Preparing learners for this challenging interdisciplinary environment is difficult. In an earlier study, we surveyed learners participating in Canadian SynBio design teams as part of the iGEM (international Genetically Engineered Machine) competition and identified gaps in the Canadian SynBio training pipeline, most notably the lack of collaborative and interdisciplinary training (Diep et al., 2021). Those findings parallel the conclusion of Agapakis (2014): “[…] collaborations offer engineers the opportunity to imagine new possibilities for how their work might be embedded into the human scale of everyday technology. Through design experiments and speculative prototyping, synthetic biologists can open up new directions for research, new questions, and new hypotheses, bridging the biological, the technological, and the social to communicate and question the potential benefits and risks of a new technology” (Agapakis, 2014). Learners in SynBio must not only master technical material (i.e., establish disciplinary grounding), but must also learn to identify problem areas in which their work would be most impactful and learn to effectively engage with experts grounded in other disciplines.

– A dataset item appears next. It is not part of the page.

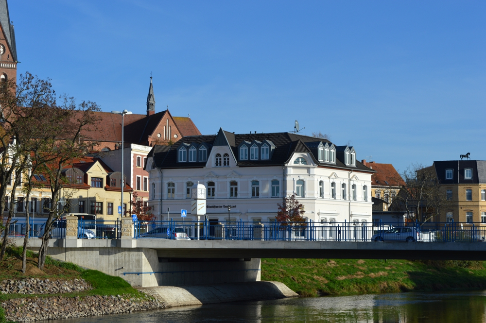 City view of Staßfurt

Interdisciplinary research and teaching is expanding across the globe, accompanied by a growing literature on the effectiveness of interdisciplinary teaching practices and program curricula (Jacob, 2015; You, 2017). Traditional engineering programs (e.g., chemical, mechanical, industrial) have recognized the demand to prepare their graduates to be productive members of interdisciplinary teams. This recognition has led to a growing number of studies and reviews describing effective pedagogical strategies (Jacob, 2015; Van den Beemt et al., 2020). Although SynBio educators can often translate these findings to the biological context, there is a paucity of literature specifically dedicated to education research and pedagogy for the interdisciplinary field of SynBio.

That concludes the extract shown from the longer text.